Loki and the Builder

The gods home, Asgard, had no wall around it to protects the gods against their enemies. This fact troubled the gods greatly, so when a strange horseman came to Asgrad offering to build a great wall the gods were pleased.

“This will be a great wall” said the stranger, “a true monument to your greatness. In eighteen months from now it will be complete and all your worries will be for naught.”

“What is your price Horseman?” asked Odin the All-Father.

“I will accept nothing less than the beautiful goddess Freyja as my wife,” replied the stranger, “As well as the sun and moon.”

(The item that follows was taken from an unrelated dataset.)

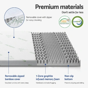 Experience elevated comfort with Giselle Bedding's 8cm graphite-infused memory foam mattress topper. Its 7-zone contoured surface with open cell structure improves airflow, while the memory foam offers lasting support and over 1000 contact points. Finished with a removable bamboo fabric cover and anti-skid base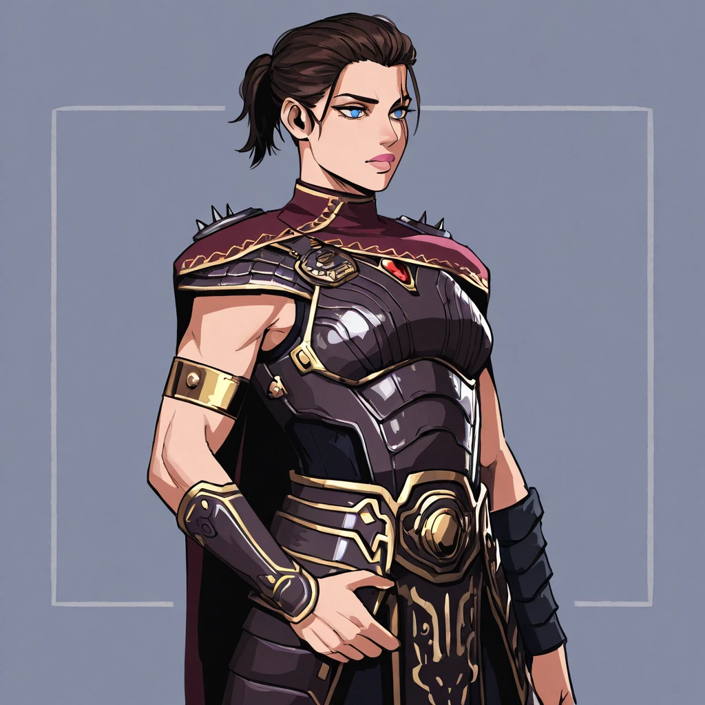 Clothes: armor, breastplate, red gem, spiked pauldrons, single wrist guard, armlet, collared cape

Naturally the gods were furious at the strangers impertinence, to think they would barter of Freyja for mere building work, let alone the sun and moon. By this time Freyja was weeping tears of gold.

However Loki, also known as Loki the Trickster, had an idea.

He turned to the stranger and said: “If you are able to complete the wall in six months you have a bargain.” The stranger considered his options, once more looking upon the beautiful Freyja, gold tears making shinning trails down her cheeks and said,

” I’ll agree only if my horse is allowed to help me.”

The gods looked at Loki in astonishment, ‘What were you thinking?’ they asked.

“Have no fear,” said Loki grinning,” In six months he will only be able to build half a wall, the bargain will be incomplete, and we will have half a wall for free.”

The gods applauded Loki’s cunning and all were pleased.

However, the stranger worked long and hard during the winter, striving to complete the great wall on time, with the help of his horse he managed to quarry the stone for a massive wall around Asgard.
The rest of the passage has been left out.